The Drive-By Truckers, English Oceans
For the first time, Mike Cooley and Patterson Hood split the songwriting credits evenly, and it shows. The bandmates write differently. Cooley's bigger presence pushes the record into fresh territory. At times it feels like they are challenging each other, with the songwriting stakes rising with each track. They start with some of their standard Southern rockers then branch out. Halfway through the album we reach Natural Light, which could pass for an Exile on Main Street outtake. Album closer Grand Canyon might be the Georgia band's greatest epic yet.
Best Tom Waits Cover(s)
"The Donkey Kong Variations"
Some call it heresy. I couldn't stop listening to this full-album reimagining of Tom Waits' Mule Variations made solely with 8-bit devices. Each songs becomes the theme to a video-game level, with a tiny, digital Tom Waits roaming the simple landscape, leaping adversaries and collecting treasures (seriously, try it).

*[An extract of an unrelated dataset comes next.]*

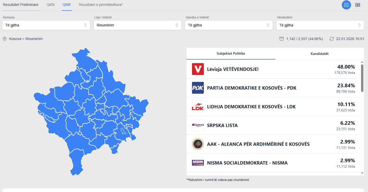 Bazuar në përditësimin e fundit të Komisionit Qendror të Zgjedhjeve, deri më tani janë rinumëruar 44.66%.

The bleeps and buzzes somehow retain the poignancy of Hold On and House Where Nobody Lives. Get Behind the Mule is still ominous.
Best Classical
Bloch Piano Quintets No. 1 and 2
This wasn't a find, it was a revelation. Nancy and I saw Vanderbilt's Blair String Quartet perform the first quintet in March as the first half of the quartet's final performance with its first violinist for the past four decades.
Once you've heard Quintet No. 1, this brooding, cinematic piece won't soon fade from memory. Quintet No. 2 comes off a little lighter, but only slightly. Live we got to hear it performed by one of the country's best string quartets with an assist from a former student now teaching at Yale. The Portland String Quartet skillfully performs both on a recent recording I bought soon after.
Best Crate Find(s)
Bob Dylan, Blood on the Tracks
This might seem a cop-out, but one of the greatest musical crimes in the late 20th were the awful transfers of many records to CDs. Bob Dylan's catalogue was treated as badly as the Beatles. In my years of crate-digging, I've waited patiently for a nice copy of Blood on the Tracks. Few records need to be experienced as vinyl as much as this Dylan masterpiece. The warmth is apparent from the first notes. Instruments that go unheard on the CD and digital versions pop from the speakers. The emotion and fragility of the record has never felt as prominent.
The crates were kind this year with nice copies of important collection omissions appearing regularly. I found numbers from Sandy Denny (Sandy), REM (Reckoning, Life's Rich Pageant), the Doors (Waiting for the Sun, Morrison Hotel), Cream (Disraeli Gears).
As for reissues, if they destroyed every CD copy and we were only left with 180-gram vinyl of Johnny Cash's American Recordings, it would be a better world. On the record, you hear his fingers slide from chord to chord, and can almost hear the cushions on Rick Rubin's couch back in 1994.